• _PROBLEM REQUIREMENTS_
Please reproduce the listing word for word. Pictures stay out.

• _RAW DATA_
----------

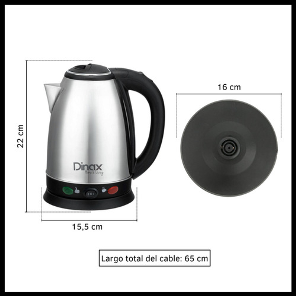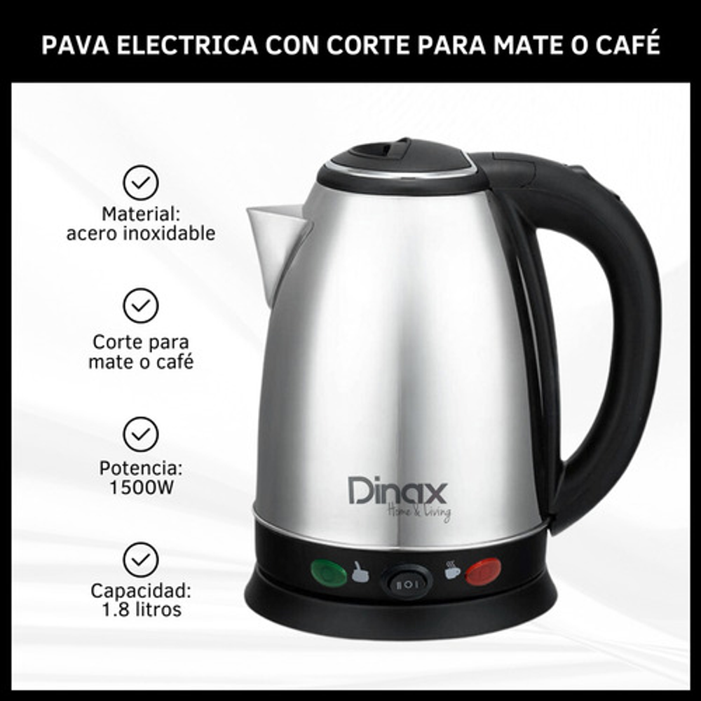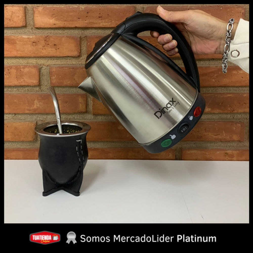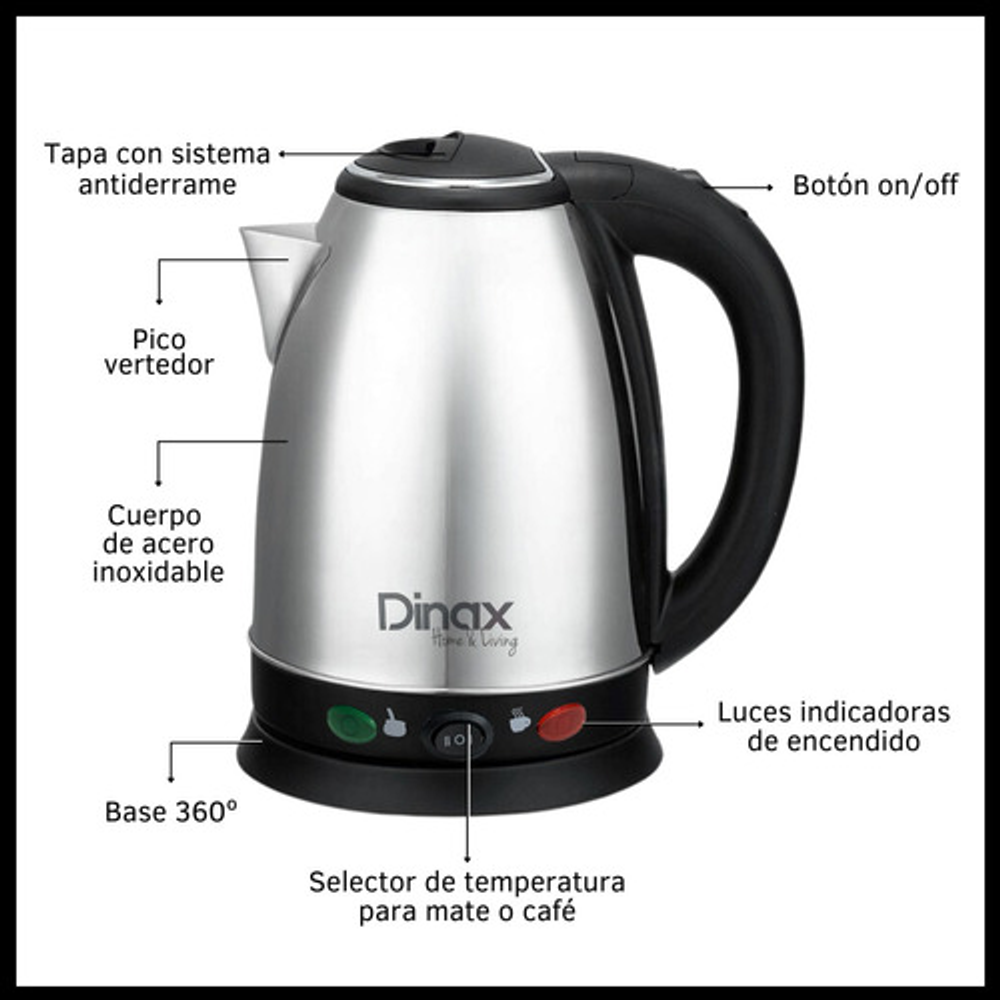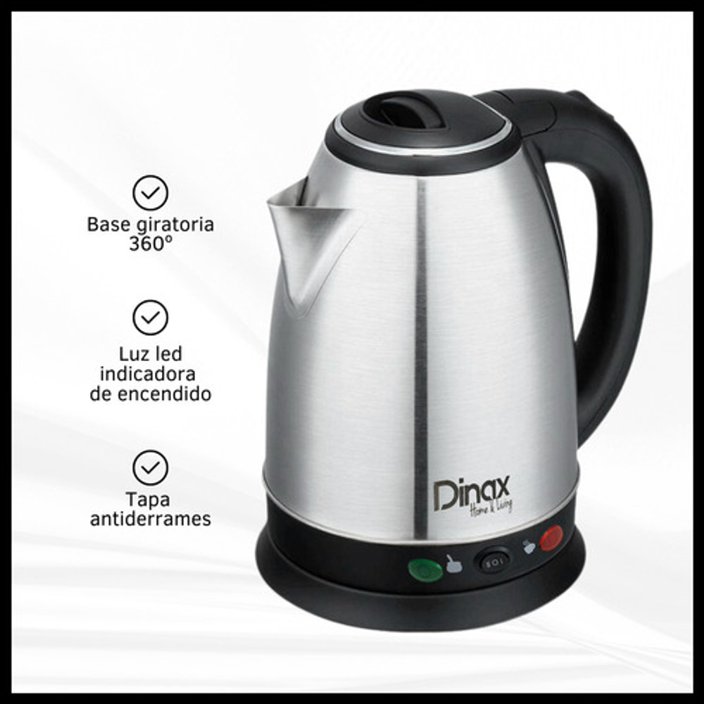 CARACTERISTICAS: -Tiene dos temperaturas: mate o café. -Luz indicadora de encendido. -Material: acero inoxidable. -Base giratoria 360°. -Corte automático. -Potencia: 1500W. -Capacidad: 1.8 lts.
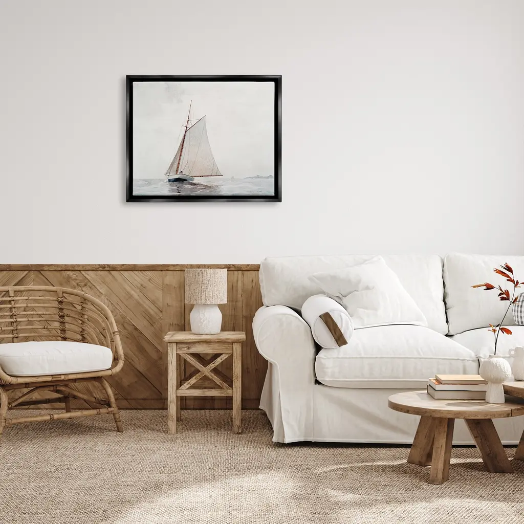 Elevate your home or office to the next level with Stupell Framed Floating Canvas Wall Decor. Our premium hand stretched canvas is mounted securely into a sturdy lightweight frame. The museum style gap between wrapped canvas and box frame gives the illusion of floating artwork. Features: Wall Art is Ready to Hang - No Installation or Hardware Needed. For Easy Set Up Lean or Layer Artwork on Shelf or Against Wall.Our elevated 1.5" Thick Floating Frame is the perfect complement to our canvas style Wall Art. We use only the highest quality inks in house with industry leading printing solutions. Canvas is hand stretched over a durable wood foundation and then mounted securely into a Modern Box Frame. Made in the USA.Artwork Relates To: Boat; Transportation; Vehicle; Watercraft; Vessel; Sailboat; Design by Lettered and Lined
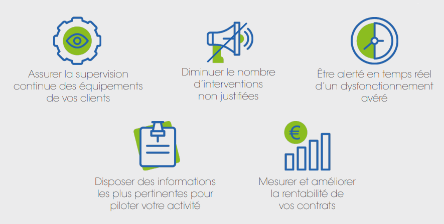 Nous vous accompagnons dans la mise en place, chez vous clients, d’objets connectés ou transmetteurs afin de recevoir les alarmes, les analyser et les transmettre à vos services si besoin. Ainsi nous pouvons collecter un maximum de données et vous signifier les éléments pertinents.

----------

• _YOUR RESPONSE_
 CARACTERISTICAS: -Tiene dos temperaturas: mate o café. -Luz indicadora de encendido. -Material: acero inoxidable. -Base giratoria 360°. -Corte automático. -Potencia: 1500W. -Capacidad: 1.8 lts.
 Elevate your home or office to the next level with Stupell Framed Floating Canvas Wall Decor. Our premium hand stretched canvas is mounted securely into a sturdy lightweight frame. The museum style gap between wrapped canvas and box frame gives the illusion of floating artwork. Features: Wall Art is Ready to Hang - No Installation or Hardware Needed. For Easy Set Up Lean or Layer Artwork on Shelf or Against Wall.Our elevated 1.5" Thick Floating Frame is the perfect complement to our canvas style Wall Art. We use only the highest quality inks in house with industry leading printing solutions. Canvas is hand stretched over a durable wood foundation and then mounted securely into a Modern Box Frame. Made in the USA.Artwork Relates To: Boat; Transportation; Vehicle; Watercraft; Vessel; Sailboat; Design by Lettered and Lined
 Nous vous accompagnons dans la mise en place, chez vous clients, d’objets connectés ou transmetteurs afin de recevoir les alarmes, les analyser et les transmettre à vos services si besoin. Ainsi nous pouvons collecter un maximum de données et vous signifier les éléments pertinents.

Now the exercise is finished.